Название для всего сборника, «Вера моего времени», было позаимствовано у одного из стихотворений (из первой части книги). Сам Пазолини так объяснял свой выбор: «Название говорит само за себя: это антикатолическое и антиконформистское высказывание, я очень зол»43. И на самом деле, стихотворение явно имело антикатолический, а точнее антиклерикальный и антибуржуазный характер, а некоторые выпады были направлены против христианских демократов:

 
Горе не знающим, что христианская вера
в реальности лишь буржуазности знак;
неравенство служит хорошим примером,
рабства и лжи; а грехов искупления мрак —
спрятать попытка следы лицемерного бреда,
тщеславия глупого, оправданье победы
страха и бедности; Церкви кулак
служит лишь Государства расцвету44.
 

Вот как он описывает католиков: «Они меряют тебя / мерой своей веры, своей жертвы. / Они непреклонны, мрачны // в своих сужденьях: кто носит власяницу / на себе – не может прощать»45. Именно «малодушие» делает католика «нерелигиозным» и «побуждает его рассуждать о доброте / как об идеальном поведении, / о милосердии как об идеальной норме»46; «он хочет уничтожить все формы религии / под нерелигиозным предлогом ее защиты: / хочет во имя мертвого бога стать хозяином»47. И еще «эти собачьи сердца, эти оскверняющие глаза, / эти гнусные ученики растленного Христа // в салонах Ватикана, в ораториях, / в прихожих министерств, на кафедрах, / сильные за счет народа лакеев». В «традиции, что убиваема / каждодневно теми, кто призван ее защищать» Пазолини видит «смерть нашей эпохи, / что в мире, готовом к унижению, // была светом морали и сопротивления»48.

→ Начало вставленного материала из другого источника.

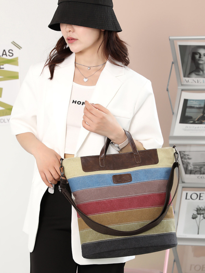 Die großen Damenhandtaschen von Close To My Heart sind stilvolle und funktionale Accessoires für die moderne Frau. Hergestellt aus strapazierfähigem Canvas-Material, sind diese Taschen langlebig und halten dem täglichen Gebrauch stand. Das Innenfutter aus Polyester sorgt für ein geschmeidiges und weiches Tragegefühl. Ein besonderes Merkmal dieser Handtaschen ist ihr geräumiger Innenraum, in dem problemlos A4-Zeitschriften und andere wichtige Dinge Platz finden. Perfekt für Arbeit, Schule oder Reisen. Das großzügige Format der Taschen bietet ausreichend Platz für all Ihre Habseligkeiten und sorgt dafür, dass alles übersichtlich und leicht zugänglich bleibt. Das Design dieser Handtaschen zeichnet sich durch einen urbanen, minimalistischen Stil aus. Die klaren Linien und die schlanke Silhouette verleihen ihnen ein modernes und schickes Aussehen und machen sie vielseitig genug, um zu vielen Outfits und Anlässen zu passen. Ob im Büro, beim Ausgehen mit Freunden oder beim Erledigen von Besorgungen – diese Taschen werten Ihren Look mühelos auf. Diese Handtaschen sind nicht nur stilvoll, sondern auch unglaublich bequem zu tragen. Dank ihrer Weichheit fühlen sie sich angenehm und leicht auf der Schulter oder in der Hand an.
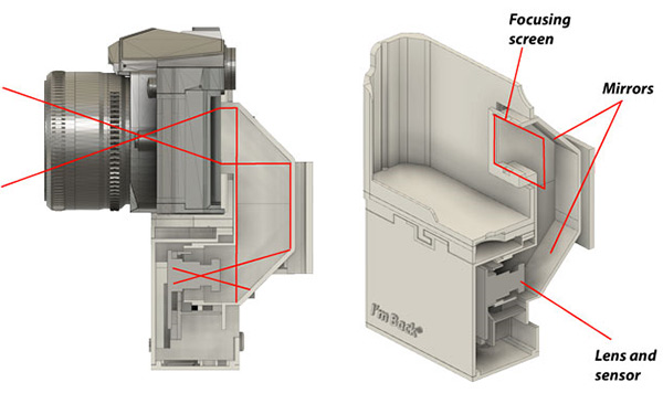 L'idea è stata quella di un dorso universale che potesse utilizzare un sensore digitale al posto della pellicola. L'implementazione è simile alle primissime reflex digitali con dorso Kodak, che era una sorta di fondello aggiuntivo che ospitava l'elettronica e poneva un sensore digitale dietro la tendina. Ai tempi la soluzione Kodak era accessibile solo ai professionisti più facoltosi. L'idea di Samuel sfrutta un principio simile, ma parte dal desiderio di essere accessibile e poco costosa, per permettere a tutti di riportare in vita le fotocamere di una volta, compresa quella con cui magari si è iniziato a scattare in giovane età.

Если говорить о сборнике в целом, то в нем можно заметить стремление Пазолини взять на себя общественное обязательство стать более интроспективным, продемонстрировать тоску по прошлому, по фриульскому детству, по Сопротивлению, свет которого казался ему навсегда погасшим, и подчеркнуть свое резко отрицательное отношение к настоящему и современным мифам, которые в глазах поэта с годами будут приобретать все больше черт нового, трагического варварства.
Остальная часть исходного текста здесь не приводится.